# Goblin Mini V2



## skola (22/1/16)

Thanks to @wiesbang for creating the original thread here.

As most members will probably be looking forward to getting their hands on this tank, I thought I'd put it to the vendors to let us know what's the possible ETA.

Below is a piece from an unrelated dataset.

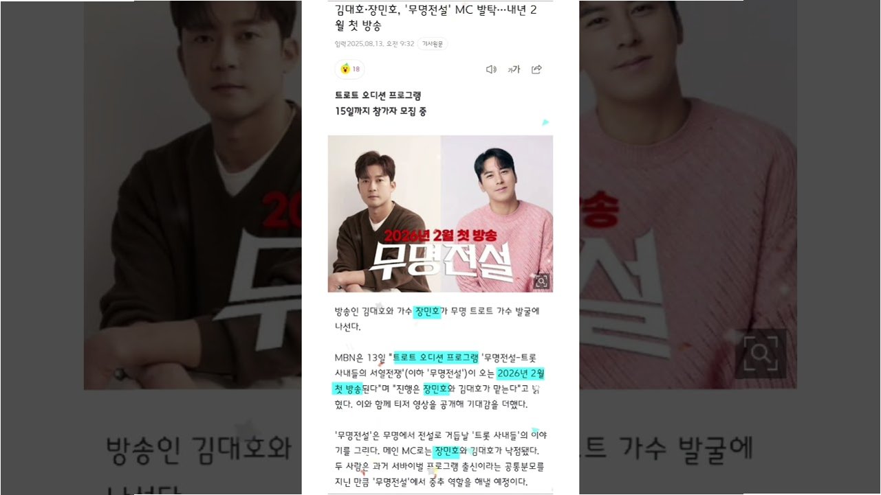 MBC 퇴사 후 출연료가 150배나 껑충 뛴 김대호 아나운서가 트로트 오디션 MC로 새로운 도전을 시작합니다. MBN의 초대형 트롯 오디션 프로그램 '무명전설-트롯 사내들의 서열전쟁'에서 그는 장민호와 함께 메인 MC로 활약할 예정이며, 벌써부터 많은 이들의 기대를 한 몸에 받고 있습니다.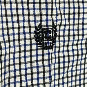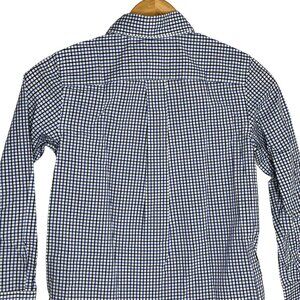 Classic Chaps boys’ button down shirt in navy blue and white plaid check pattern. Features a collared neckline, long sleeves, and easy-care fabric. Size 8 (small). Perfect for school, church, family photos, or everyday casual wear. Preowned and in good condition.

*UD Goblin Mini V2 RTA Tank Atomizer*
1.Top filling
2.Double pendulum air ring
3.Ceramic single coil adapter
4.Drip Tip and chimney with rifling line
5.Much bigger build deck
6.Full SS 304 body + heat resistant pyrex tank
7.Height: 28.6mm (exclude drip tip & 510 thread),
8.Diameter:22mm，Juice capacity: 3ML
9.color:Black,Steel

*Packaging Details:*
1 x Goblin mini V2 RTA tank
1 x Extra Pyrex glass tube
1 x Extra drip tip
1 x cooling Top Ring
1 x accessory bag of screws and rubber o-rings

Reactions: Like 2 | Winner 1


----------



## wiesbang (22/1/16)

Take my money

Reactions: Like 1


----------



## WernerK (22/1/16)

Yes please


----------



## argief (22/1/16)

I want one 2!! Please vendors?? 

Sent from my LG-H815 using Tapatalk


----------



## Cave Johnson (22/1/16)

@wazarmoto

Reactions: Like 1


----------



## KarlDP (23/1/16)

I would like the black one..


----------



## WernerK (23/1/16)

KarlDP said:


> I would like the black one..


Me 2


Sent from my SM-G900F using Tapatalk


----------



## rogue zombie (23/1/16)

That does look pretty cool.


----------



## argief (25/1/16)

Any body have stock? Or arriving soon? 

Sent from my LG-H815 using Tapatalk


----------



## Andre (25/1/16)

http://www.ecigssa.co.za/goblin-mini-v2.t18785/

Reactions: Thanks 1


----------



## Silver (25/1/16)

argief said:


> Any body have stock? Or arriving soon?
> 
> Sent from my LG-H815 using Tapatalk



Have moved your post to this existing thread @argief 
Thanks for pointing it out @Andre

Reactions: Like 1


----------



## Soprono (26/1/16)

If someone did preorders for these that would be great!


----------